ABA reported Thursday that closed-end home equity loans that are 30 days or more past due fell to 3.58% in the third quarter from 4.2% in 3Q 2012.
The ABA consumer delinquency survey shows the 30-day delinquency rate on home equity lines of credit fell to 1.7% in the third quarter from 1.9% in 3Q 2012.
Rising home prices and sales are providing some relief for delinquent home equity borrowers, according to ABA chief economist James Chessen. It is now a little easier for some people to refinance or sell their houses, he says
The chief economist also noted that delinquencies on eight types of closed-end loans (like auto loans, personal loans and home equity loans) fell to its lowest level since ABA started tracking consumer delinquencies several decades ago.
This is very positive news, Chessen says. It shows consumers are doing a very good job of managing their finances.
Banks held $518 billion in HELOCs on their balance sheets as of Sept. 30 and $88 billion in closed-end second mortgages, according to the Federal Deposit Insurance Corp.
Regulators are very concerned that HELOCs originated five to 10 years ago will recast over the next few years and many homeowners will not be able to afford the full principal and interest payments. Before recasting, borrowers are just required to pay interest on the HELOC each month.
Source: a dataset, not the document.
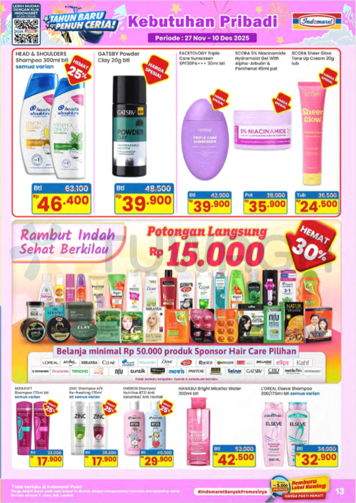 - Head & Shoulders Shampoo 300ml (all variants): Rp46,400 (after 25% off, original price: Rp63,100)

Regulators want the banks to refinance these HELOC borrowers before the Federal Reserve begins to raise interest rates, according to ABA senior economist Keith Leggett. The bank regulators will be monitoring this market very closely, he says.
Net charge-offs on HELOCs totaled over $1.15 billion during the third quarter, compared to $4.17 billion in the 3Q 2012, according to the FDIC.